Mr Duff added, though, that the Bahamian economy’s overall performance will also weigh heavily on how well ICB, which is the carrier through which BISX-listed J S Johnson places much of its general insurance business, does in 2022.
“For every business and private citizen in The Bahamas, how the Government manages the economic challenges is going to be critical to all,” he said. “For insurance companies it is especially relevant because of the impact a depressed economy has on disposable income.
“Our goal is to keep reminding consumers of the vital importance of maintaining insurance coverage. That is where our focus will be, and we are working hard on that and hoping the economy starts to recover and income filters down.”

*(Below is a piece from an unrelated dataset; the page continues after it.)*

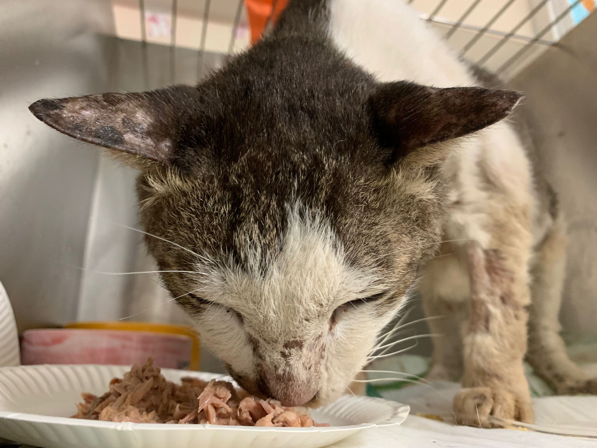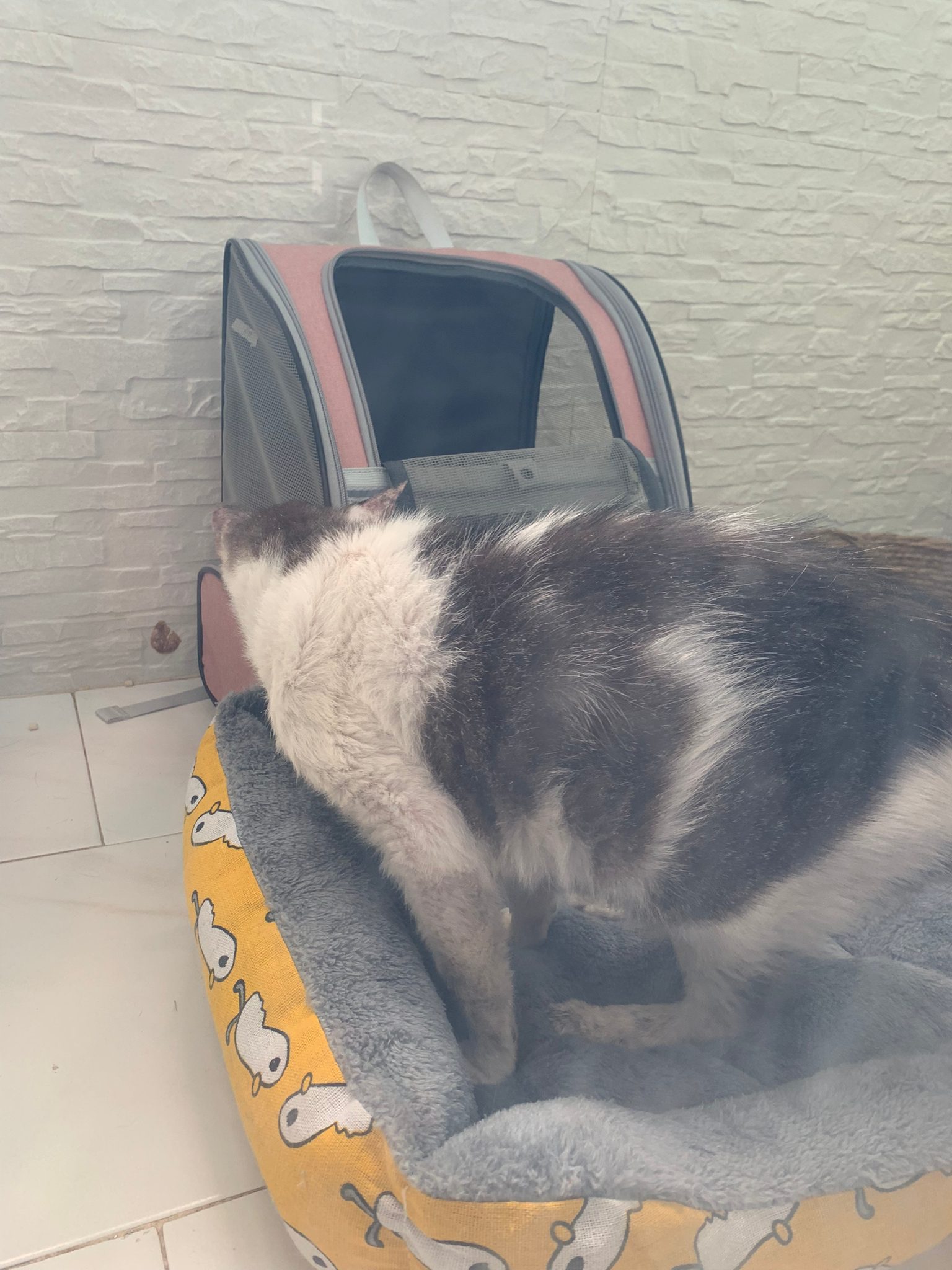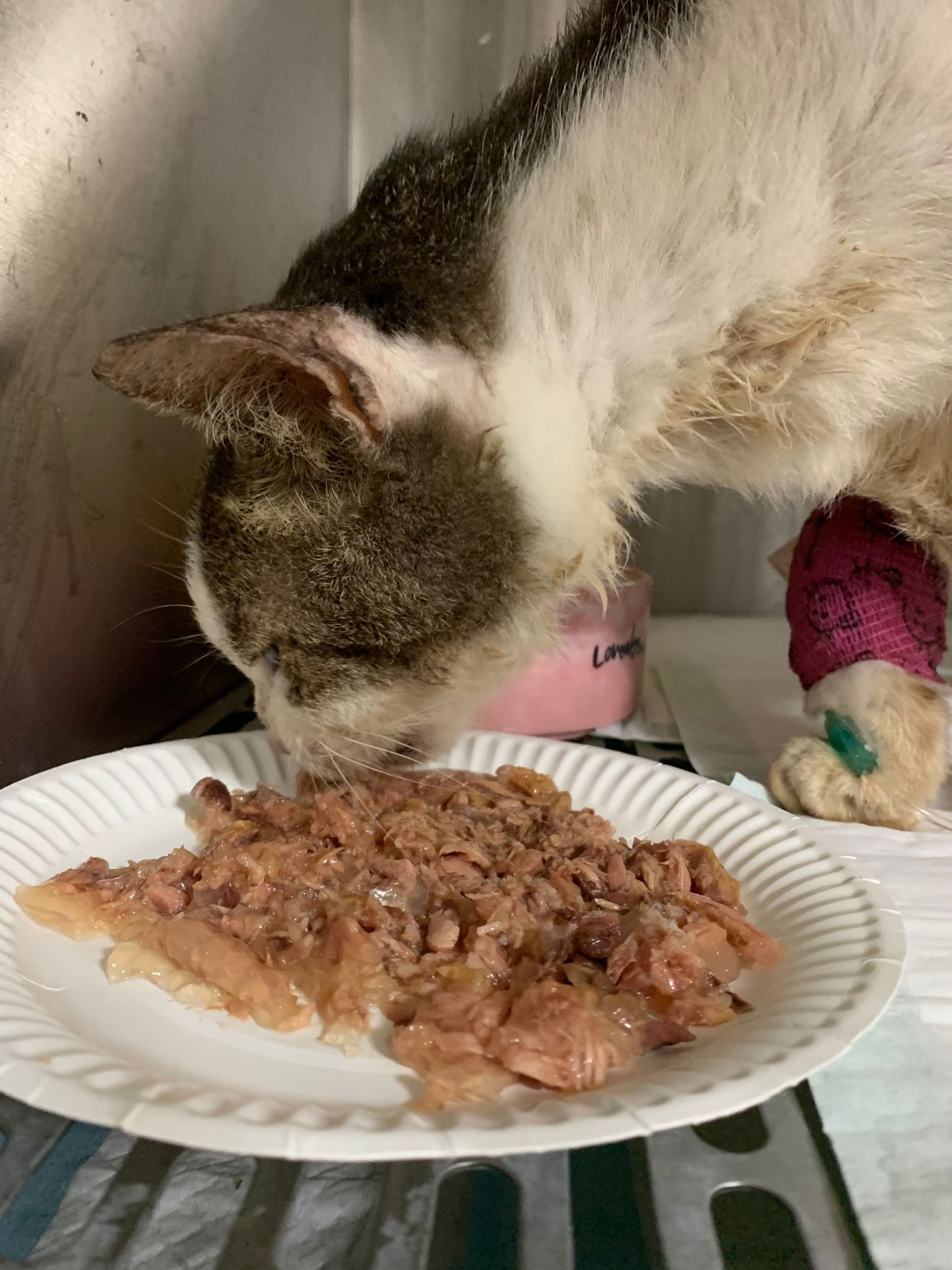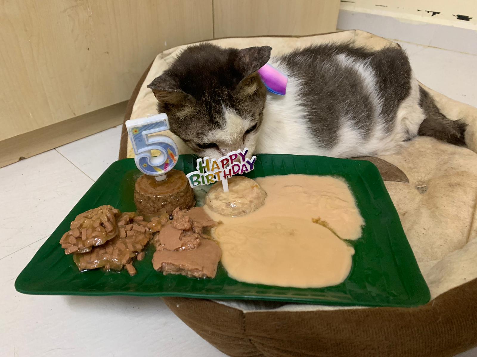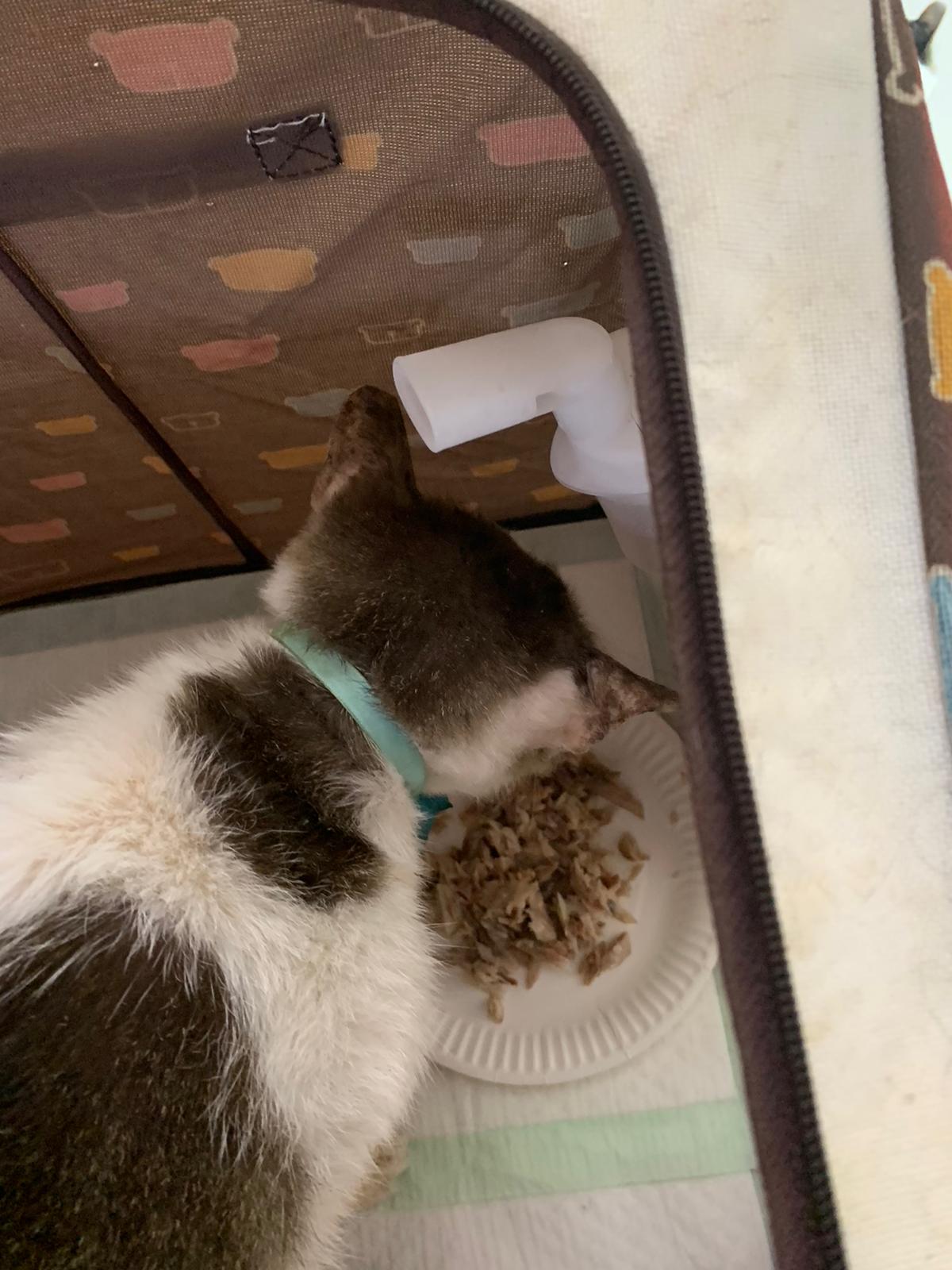 • update Fr Agnes: “This 2 day fat fat dun really eat well , few bite for can food .i put dry food mix with stream fish he also not very interested . This morning the bowl left abit But morning bf he also eat few bite on can food , have to put some dry food food .”

Bruce Fernie, ICB’s chairman, pointed to these challenges and the mixed outlook for the Bahamian economy in ICB’s recently-released 2021 annual report. “Clearly, some painful economic decisions will have to be made and non-essential public expenditure will likely be curtailed,” he warned.
“The COVID-19 pandemic has taken its toll on the private sector with many private businesses being forced to close with the resultant loss of jobs. Against this backdrop, disposable income for many private and corporate citizens will be squeezed in the short to medium-term.
“On a more positive note, however, overseas investment in The Bahamas appears to be on the increase and there are numerous new building projects underway. Also, a number of Bahamian realtors are reporting substantially increased demand from overseas for Bahamian land and high-end properties.”
Mr Fernie, noting that ICB’s 2021 profits represent a 10.79 percent return on shareholder equity, echoed Mr Duff in saying: “Given the volatility of trading results for general insurers due to the unpredictability of losses from major hurricanes, it is vital that insurers are able to post healthy profits in years when we are spared major weather event losses.
“With the impact of the devastating Hurricane Dorian still fresh in our minds, it was a relief that The Bahamas avoided a hurricane loss for the second consecutive year. Aside from the absence of any hurricane losses, the company’s bottom line profit was enhanced by ordinary claims costs being substantially lighter than normal.
“In terms of premium volume, it was pleasing that the company grew its gross written premium during the year by 10.72 percent (excluding premium from fronted policies). This was in line with expectations but was nevertheless a welcome outcome given the depressed economy and the COVID-19 safety protocols the industry was required to work under during the year.”